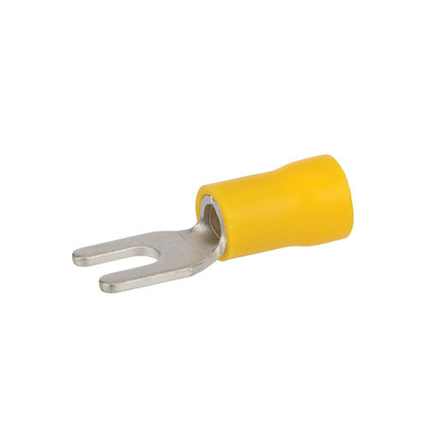 NSI S Model Copper spade terminal in yellow color, accommodates conductor of size 12-10 AWG and has voltage rating of 300 Volts. This electro tin-plated spade terminal has 1/4 Inch stud size and vinyl insulation. This spade terminal has 0.472-Inch tang and 0.492 Inch x 0.255 Inch ID barrel. The 1.228-Inch spade terminal withstands a temperature rating of 75 deg C. Spade terminal is engineered to use on free-standing studs and for wire termination. Spade terminal is UL/cULus listed and CSA certif
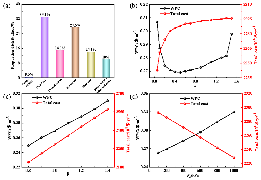 图6. 系统经济分析。(a)各组件成本分布。流量比(b)、膜面积比(c)和水力压力(d)对产水成本和总成本的影响。
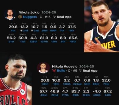 体育资讯12月03日报道宣称 美媒晒数据,本赛季目前只有两位球员在场均命中2记三分,命中率55%以上,三分45%以上的情况下场均20+10:约基奇和武切维奇。
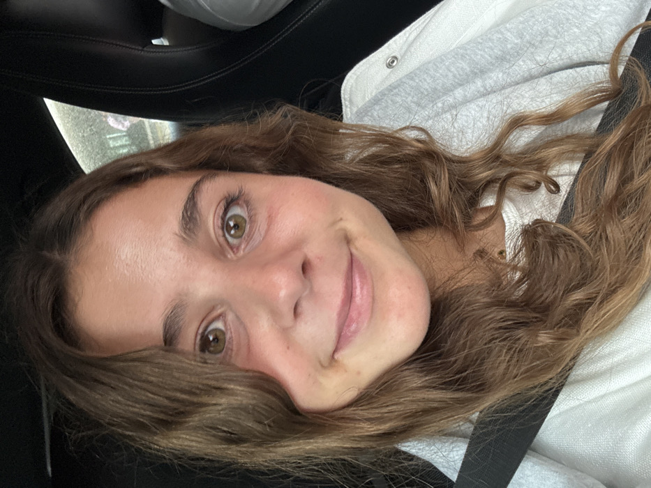 The image displays a close-up, chest-up portrait of a young female inside a vehicle in Senhora da Hora, Portugal
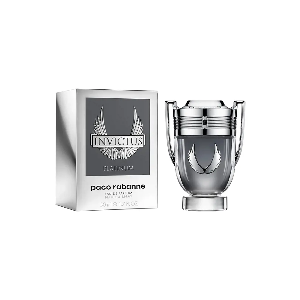 Với thiết kế chai hình chiếc cúp màu vàng kim, Invictus Platinium không chỉ là một mùi hương, mà còn đẳng cấp, quyền lực và chiến thắng.
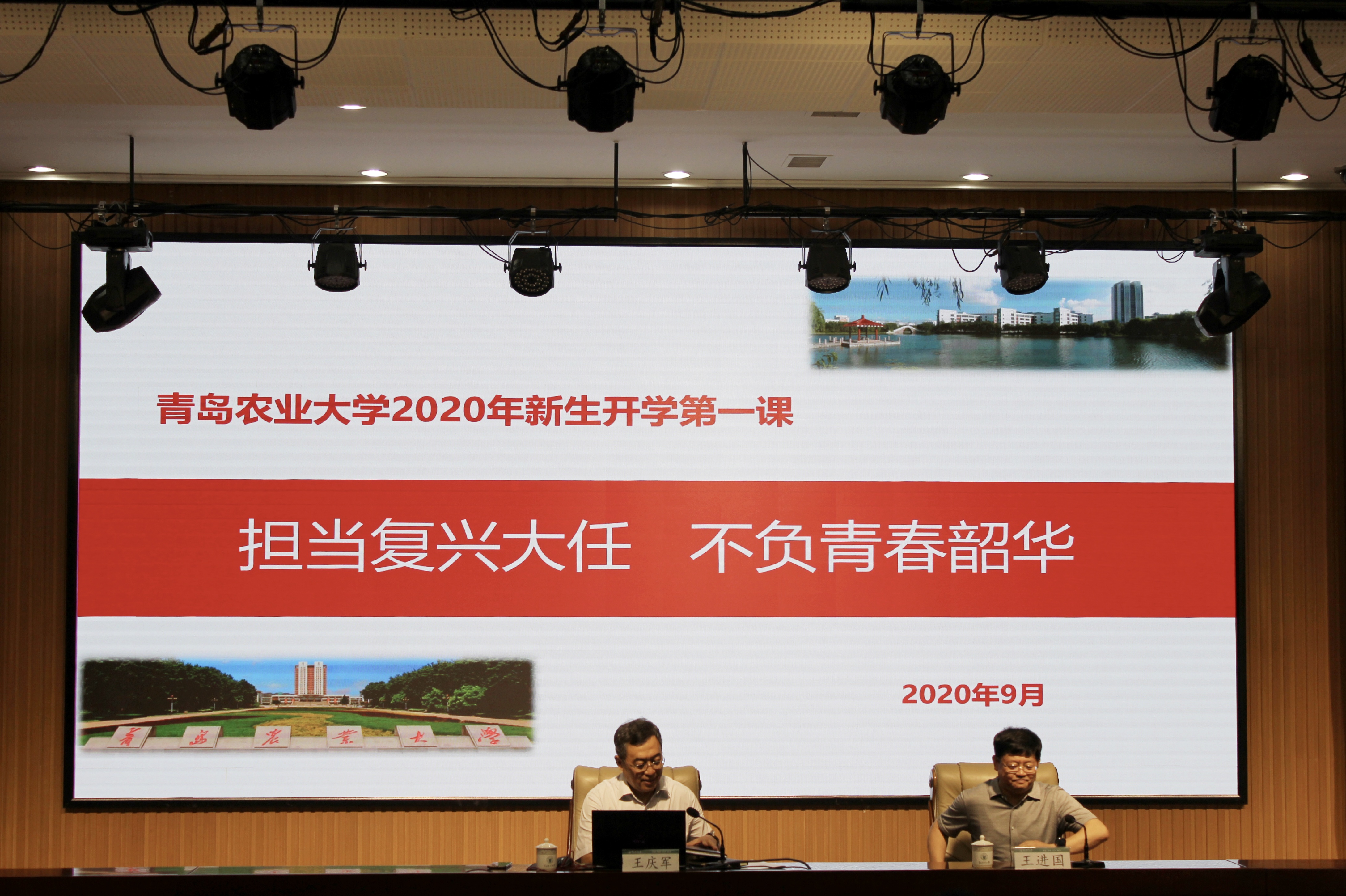9月22日下午,校党委副书记王庆军为allwincity万象城官方网站和化学与药学院部分2020级新生讲授开学第一课。王庆军以《担当复兴大任,不负青春韶华》为题,从大学生活如何坚定政治素养、规划人生目标、加强品行修养、保持强健体魄的四个维度等方面,为新生们上了一堂生动的开学第一课。
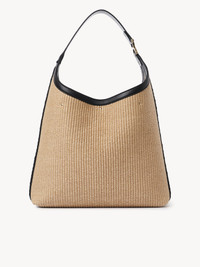 The Maison's iconic Marcie line is expanded with this roomy hobo bag, matching clean lines with a soft and slouchy silhouette. Crafted from a textural interplay of raffia and calfskin, the day bag features the line's signature metallic piece on the leather handle. Subtle gold-toned studs and dangling tassels play into Marcie's distinctive aesthetic, while the roomy interior is completed with a zippered pocket. Wear this hobo bag casually on the shoulder. All about Marcie... The Maison’s Marcie bag line blends a feminine aesthetic with a 70s folk spirit. Iconic hardware and dangling tassels elevate the equestrian spirit with signature details. PRODUCT DETAILS Hobo bag in raffia & calfskin Main material: 52% Cotton, 48% Polyamide Secondary material: Calfskin Handle: Calfskin Inner pocket: Suede calfskin Main lining: Linen Carry: Shoulder - Tassel closure - 1 main compartment - 1 inside zippered pocket Comes with a dust bag - Width: 14.2" (36 cm) - Height: 11.4" (29 cm) - Depth: 3.9" (10 cm) - Handle drop: 11" (28 cm) This purse is made from a woven fabrication adapted to meet leather goods requirements. A water-repellent treatment was applied to the fabric, but rain exposure should be avoided. Avoid rubbing this material against color-contrasting materials and shield it from humidity, light, heat, liquids and greasy substances. Follow all care instructions on the insert. Color: Hot Sand Item code: CHC24US630N1024P
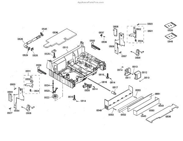 The Junction Box Cover is an OEM part for Bosch dishwashers. Located at the rear of the appliance, the junction box houses connections to the power supply and control board wiring. The junction box cover protects these internal electronic parts.
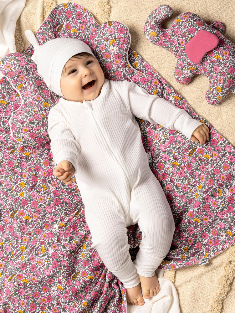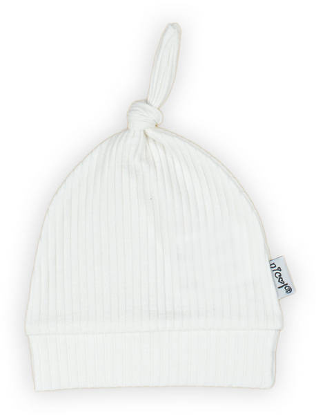 Praktyczna czapka uszyta z kremowej, prążkowanej bawełny. Niewielka ilość elastanu sprawia, że czapeczka będzie lepiej przylegać do główki.W fasonie tym, zastosowano bezuciskowy ściągacz. Materiał posiada certyfikat Oeko-Tex Standard 100 Tekstylia godne zaufania. Czapeczkę na wysokość można regulować supełkiem. Pełni on również funkcję ozdobną.
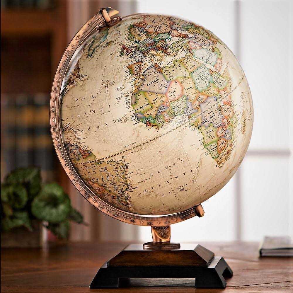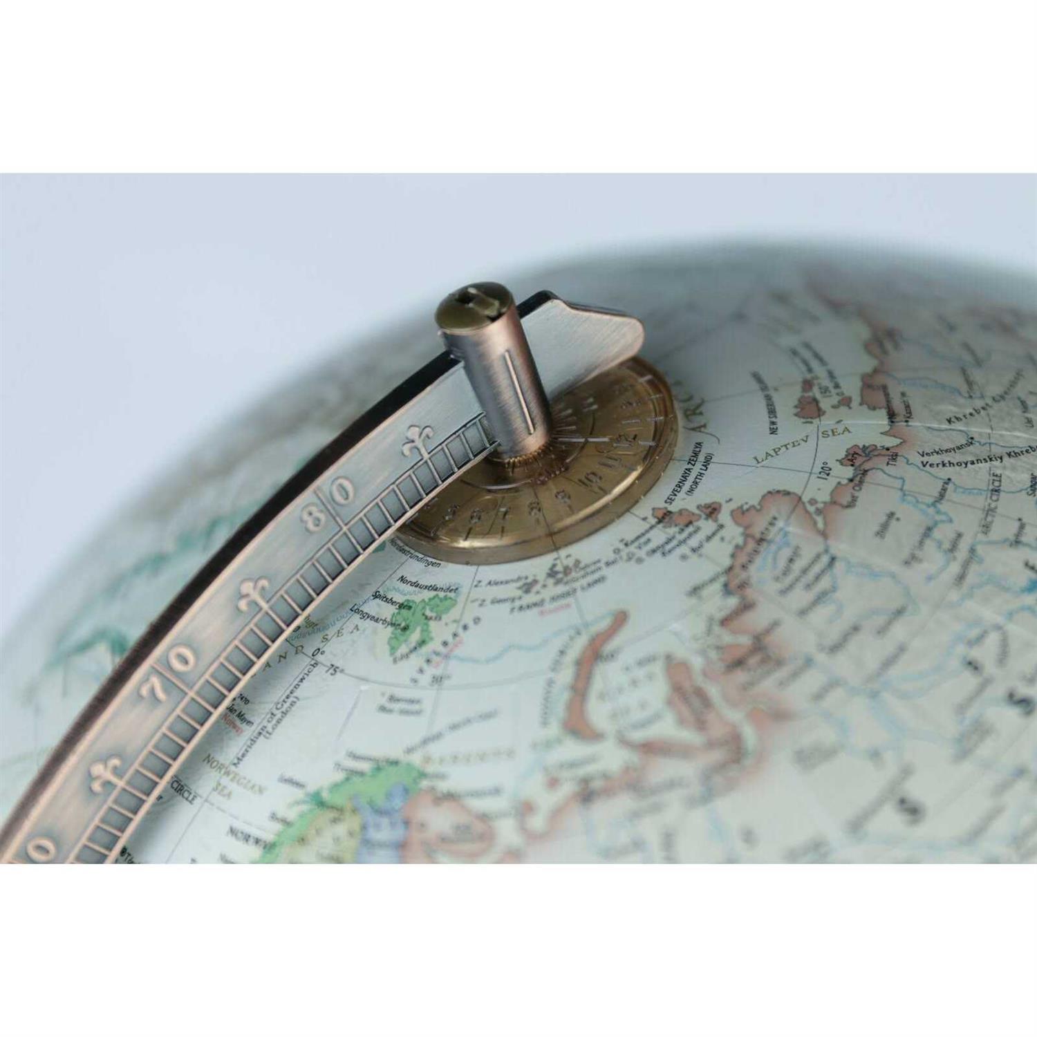 • The globe features a raised relief and time dial at the North Pole.
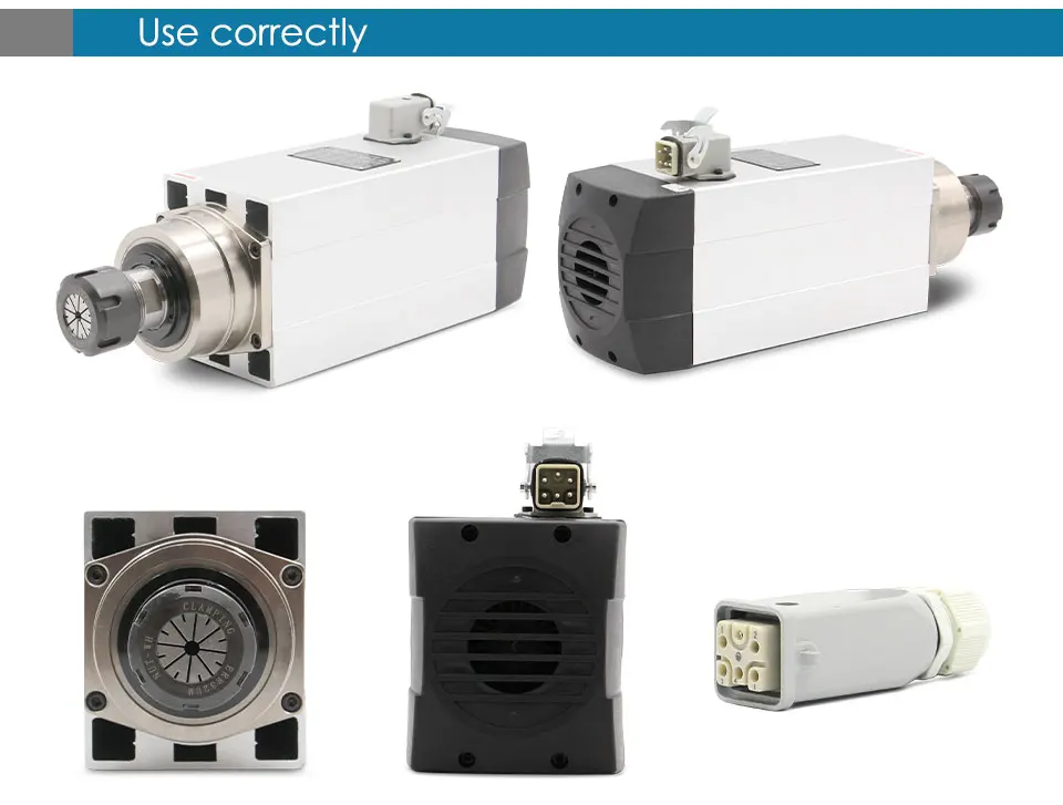 Перед использованием шпинделя с водяным охлаждением система охлаждения работает должным образом. Каждый день перед использованием шпинделя должен работать на низкой скорости в течение 15-20 минут. Прижимная фрезы к шпинделю, коллетным газам, коллетам, резакам должна быть достаточно чистой. Хвостовик, вставленный в Коллет, должен быть больше 15 мм.
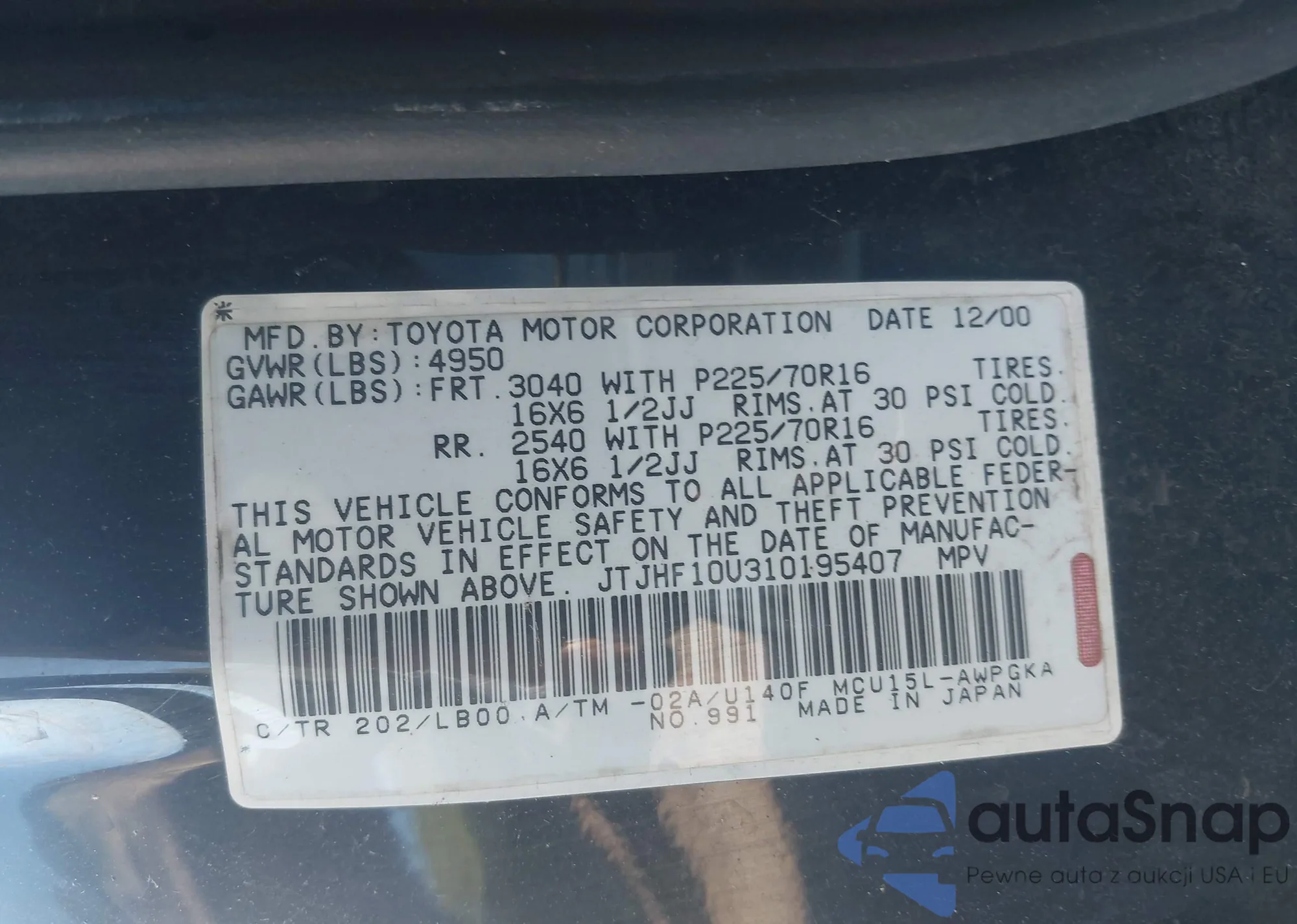 LOT: 43065878 VIN: JTJHF10U310195407
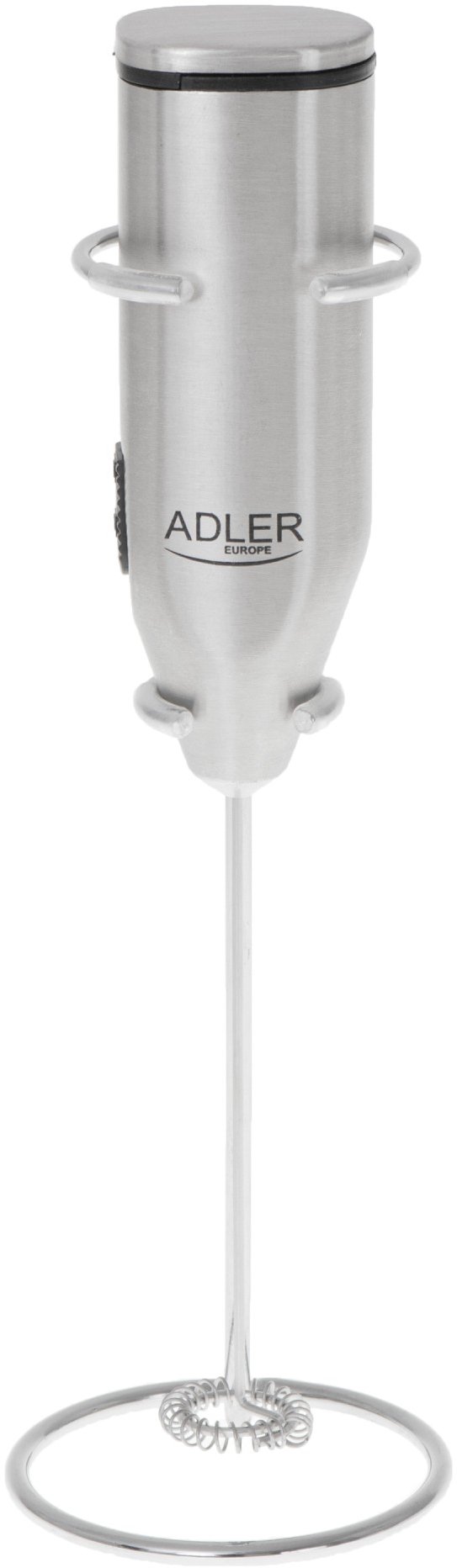 Milk frother with standFor preparing frothed milk, hot chocolate and matcha teaStainless steel whisk and housingStand for easy storage: Ø66x190mmDevice size: 3,8cm (depth) x 2,8cm (width) x 21,5cm (height)Power source: batteries 2x1,5V AA (not included)

:::

» **TASK BRIEF**
After locating "9月22日下午,校党委副书记" and "The Junction Box Cover is" in the records above, return exactly the line holding each one and every line between them; leave out the pictures.

» **WRITTEN SOLUTION**
9月22日下午,校党委副书记王庆军为allwincity万象城官方网站和化学与药学院部分2020级新生讲授开学第一课。王庆军以《担当复兴大任,不负青春韶华》为题,从大学生活如何坚定政治素养、规划人生目标、加强品行修养、保持强健体魄的四个维度等方面,为新生们上了一堂生动的开学第一课。
 The Maison's iconic Marcie line is expanded with this roomy hobo bag, matching clean lines with a soft and slouchy silhouette. Crafted from a textural interplay of raffia and calfskin, the day bag features the line's signature metallic piece on the leather handle. Subtle gold-toned studs and dangling tassels play into Marcie's distinctive aesthetic, while the roomy interior is completed with a zippered pocket. Wear this hobo bag casually on the shoulder. All about Marcie... The Maison’s Marcie bag line blends a feminine aesthetic with a 70s folk spirit. Iconic hardware and dangling tassels elevate the equestrian spirit with signature details. PRODUCT DETAILS Hobo bag in raffia & calfskin Main material: 52% Cotton, 48% Polyamide Secondary material: Calfskin Handle: Calfskin Inner pocket: Suede calfskin Main lining: Linen Carry: Shoulder - Tassel closure - 1 main compartment - 1 inside zippered pocket Comes with a dust bag - Width: 14.2" (36 cm) - Height: 11.4" (29 cm) - Depth: 3.9" (10 cm) - Handle drop: 11" (28 cm) This purse is made from a woven fabrication adapted to meet leather goods requirements. A water-repellent treatment was applied to the fabric, but rain exposure should be avoided. Avoid rubbing this material against color-contrasting materials and shield it from humidity, light, heat, liquids and greasy substances. Follow all care instructions on the insert. Color: Hot Sand Item code: CHC24US630N1024P
 The Junction Box Cover is an OEM part for Bosch dishwashers. Located at the rear of the appliance, the junction box houses connections to the power supply and control board wiring. The junction box cover protects these internal electronic parts.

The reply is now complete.